O líder do PL na Câmara, Sóstenes Cavalcante, afirmou nesta segunda-feira (21) que o partido pretende manter o deputado licenciado Eduardo Bolsonaro (PL-SP) no cargo até o fim da legislatura, mesmo que ele continue morando no exterior após o término de sua licença.
“Até o dia 4 [de agosto], não há faltas por conta do recesso. Depois disso, ele pode se ausentar. Estamos buscando soluções para que Eduardo continue exercendo o mandato até o final”, disse Sóstenes.
Ele apresentou um projeto para alterar o regimento interno da Casa e permitir a prorrogação da licença parlamentar de 120 dias por mais 120, totalizando cerca de oito meses.
A proposta de Sóstenes permite a renovação, uma única vez por sessão legislativa, da licença não remunerada por “interesse particular”, estendendo o período total de afastamento para até 240 dias no ano. O deputado argumenta que servidores públicos podem tirar até três anos de licença não remunerada e que a mudança busca dar tratamento isonômico aos parlamentares.
A declaração surge em meio a críticas internas sobre a ausência de Eduardo no país, especialmente após o recente tarifaço anunciado pelo presidente dos Estados Unidos, Donald Trump.
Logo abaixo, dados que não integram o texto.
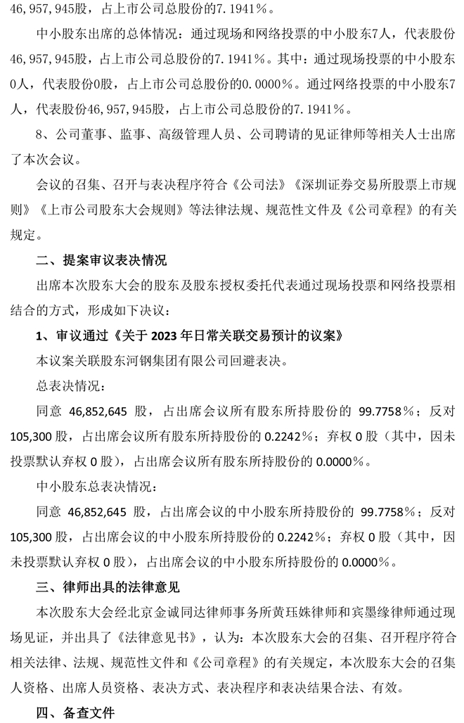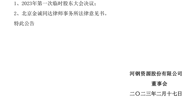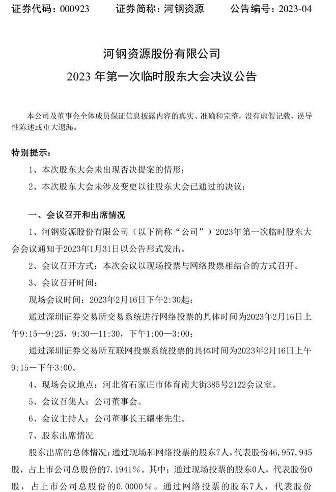 河钢资源:河钢资源2023年第一次临时股东大会决议公告

Sóstenes, no entanto, minimizou os atritos.
“Teve ruído, sim. Ele e o governador Tarcísio [de Freitas, de São Paulo] se estranharam, mas isso já está superado. Zero estresse. Estamos solidários e gratos pelo trabalho que ele tem desempenhado. O tarifaço não foi ele que pediu, foi uma decisão de Trump. O que ele solicitou foi a suspensão dos vistos e outras medidas que agora começam a aparecer”, afirmou.
Mesmo com o recesso parlamentar, a bancada do PL se reúne nesta segunda-feira para discutir as medidas cautelares impostas ao ex-presidente Jair Bolsonaro, que passou a usar tornozeleira eletrônica na semana passada por decisão do ministro Alexandre de Moraes. Eduardo Bolsonaro deve participar do encontro por videoconferência.